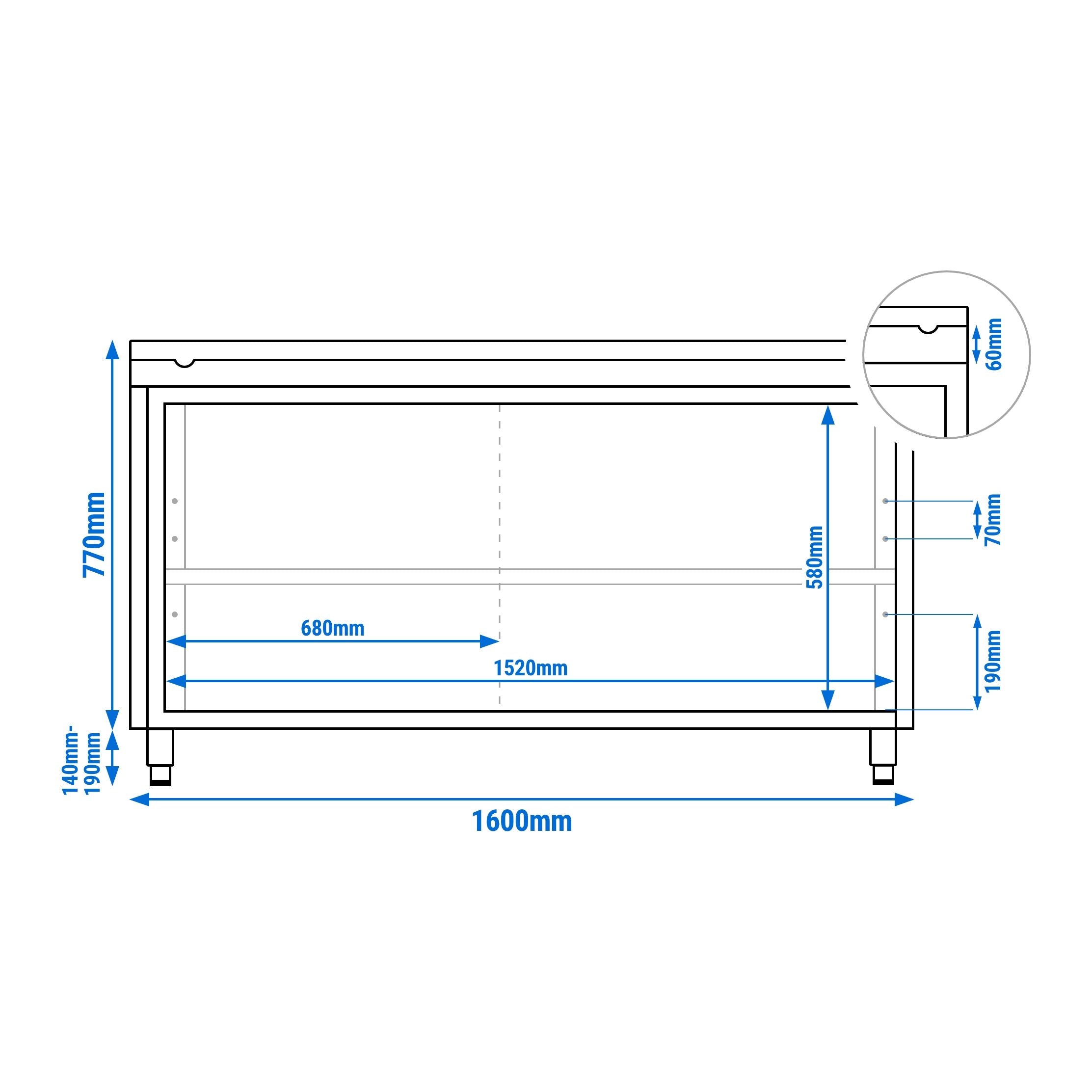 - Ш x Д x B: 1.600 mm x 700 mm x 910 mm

--

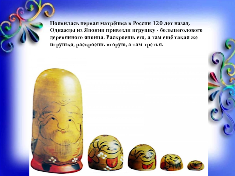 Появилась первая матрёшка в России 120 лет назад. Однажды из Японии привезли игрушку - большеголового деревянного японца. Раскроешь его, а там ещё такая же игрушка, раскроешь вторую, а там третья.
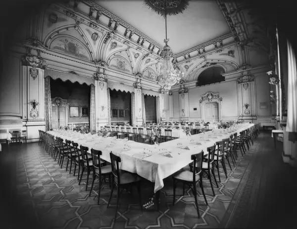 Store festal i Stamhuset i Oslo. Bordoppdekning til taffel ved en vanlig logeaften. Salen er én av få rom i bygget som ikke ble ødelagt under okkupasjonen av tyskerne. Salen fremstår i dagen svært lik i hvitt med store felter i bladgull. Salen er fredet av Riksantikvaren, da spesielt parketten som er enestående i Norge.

*What to do*: Above are the records; return the lines in them from the one with "Появилась первая матрёшка" to the one with "Store festal i", inclusive, exactly and without images.

*Response*:
 Появилась первая матрёшка в России 120 лет назад. Однажды из Японии привезли игрушку - большеголового деревянного японца. Раскроешь его, а там ещё такая же игрушка, раскроешь вторую, а там третья.
 Store festal i Stamhuset i Oslo. Bordoppdekning til taffel ved en vanlig logeaften. Salen er én av få rom i bygget som ikke ble ødelagt under okkupasjonen av tyskerne. Salen fremstår i dagen svært lik i hvitt med store felter i bladgull. Salen er fredet av Riksantikvaren, da spesielt parketten som er enestående i Norge.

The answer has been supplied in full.